Estonia Gov – Turns out the small country of 1.3 million has emerged as a global leader in e-government operations. Its electronic ID push has created a more connected society, made public and private services more personalized and convenient.
Consequence – high inflation. Turns out humans dont want to be slaves after all.
Lithuania Gov – The current government of Lithuania is the 18th since the declaration of independence on 11 March 1990. Turns out having one Gov per year has consequence of high inflation. Turns out humans struggle with stability.
Your conclusions make no sense.
Or, the high inflation is there until price levels in Estonia matches the neighbours Sweden and Finland. A lot of Estonians work in other European countries, that forces wages to rise to match. Prices follow.
“tearing up the ECB’s philosophy that NIRP and QE don’t destroy the monetary system.”
That’s how they pretended to clean up the last mess in 2008. But they didn’t clean it up. They simply papered it over with debt and kicked the can down the road. Now they have an even bigger mess just as they’ve run out of road.
It gets worse:
– Last time they didn’t have supply chain disruptions and shortages of stuff.
– Last time they didn’t have an invasion in eastern Europe with the attendant petro shortages.
– Also fertilizer shortages, sure to ramp up food shortages in the coming months. – Also the ongoing Plague, seriously compromising China, which is quite opaque about its problems, and those aren’t likely to have easy solutions.
– And then you have radical conservative extremists preparing to take over here and there, who are generally of a mind do their worst, which can be pretty bad.
This gives rather a lot of material to those who have been warning that civilization may have already begun to collapse. My guess, that process could wait until around 2030, may have been overly optimistic. I never could get these things quite right.
Some old people think that when they are gone the world will go to hell.
In 1973, a computer program was developed at MIT to model global sustainability. Instead, it predicted that by 2040 our civilization would end. Many in history have made apocalyptic predictions that have so far failed to materialize. But what the computer envisioned in the 1970s has by and large been coming true. Could the machine be right?
IMHO many places will become UNLIVEBLE by 2050, depletion of natural resources. famine and Pollution. Much faster if there is WW3!

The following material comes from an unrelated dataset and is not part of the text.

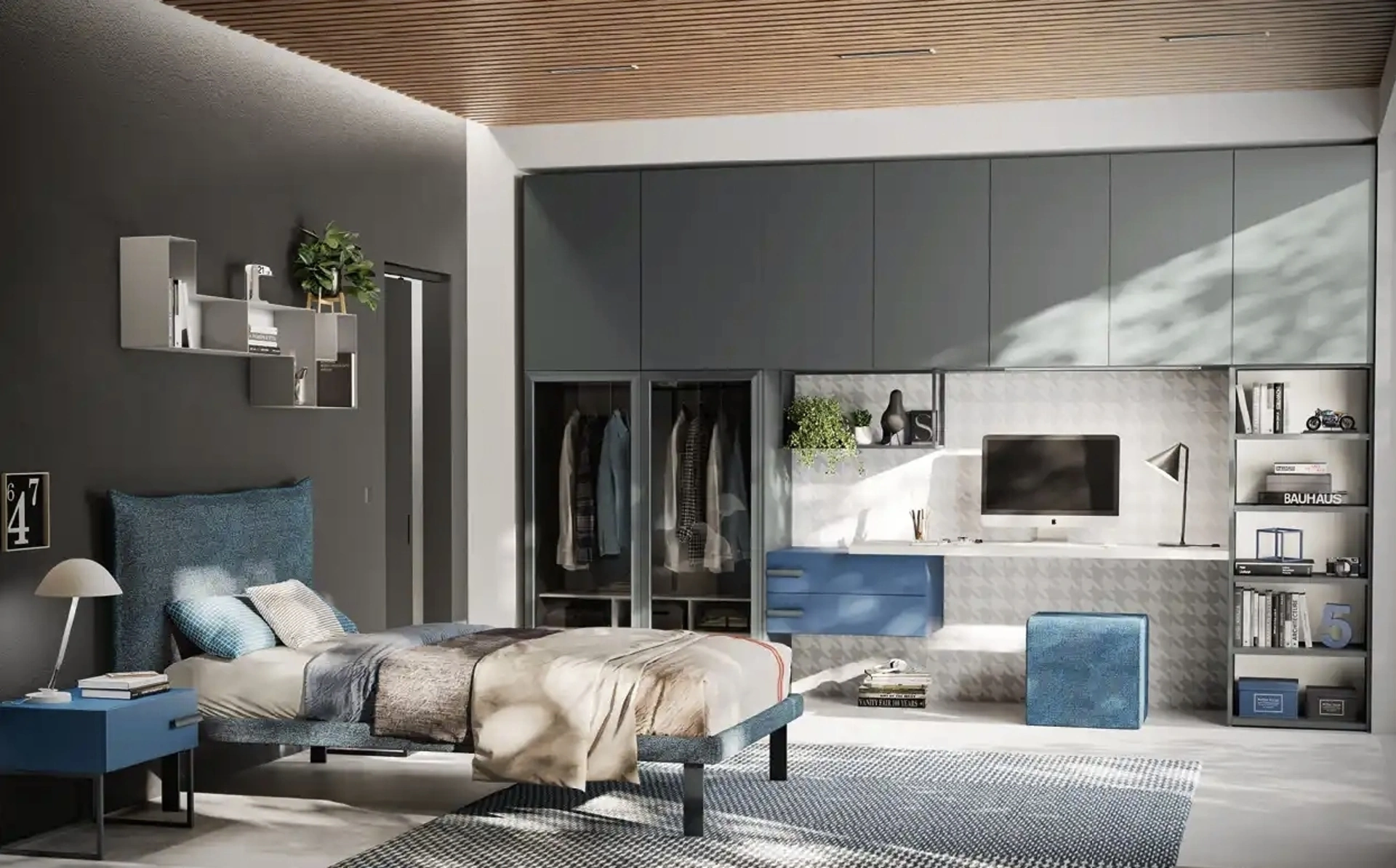 I nostri bambini trascorrono gran parte della giornata nelle loro camere da letto: rendile adatte per dedicarsi alla scuola, giocare e rilassarsi quotidianamente. Con la Cameretta Y108 di Moretti Compact Camerette in laccato opaco ti assicurerai un perfetto connubio di ergonomia e sicurezza, ideale per la stanza dei tuoi bambini. Proponiamo nel nostro showroom molteplici Camerette a ponte design per ragazzi del marchio, ideali per seguirli durante la loro crescita. In negozio ci occupiamo di seguirti dalla scelta dei mobili per la camera alla progettazione del luogo nel quale i tuoi bimbi cresceranno, divertendosi e sognando.

The Great Dying happened 250 million years ago and we are certainly in the cards for another event like that, especially if we can get a few big volcanoes to erupt continuously for a million years or so. Inflation won’t be such a big deal if that starts again.
Well, many places are unlivable now. And I don’t even need an app to figure this out.
Anthony A
It only takes one biggish volcano to go off to cut world food production by huge amounts. They expect the Tonga eruption to drop world temps by 0.3C over the next year…..
This old person thinks it’s already well down the tracks of the Hellbound Train and has been for years.
It’s just that now even the most incomprehensible posers, er, posters, on this blog are waking up as if they made a new discovery.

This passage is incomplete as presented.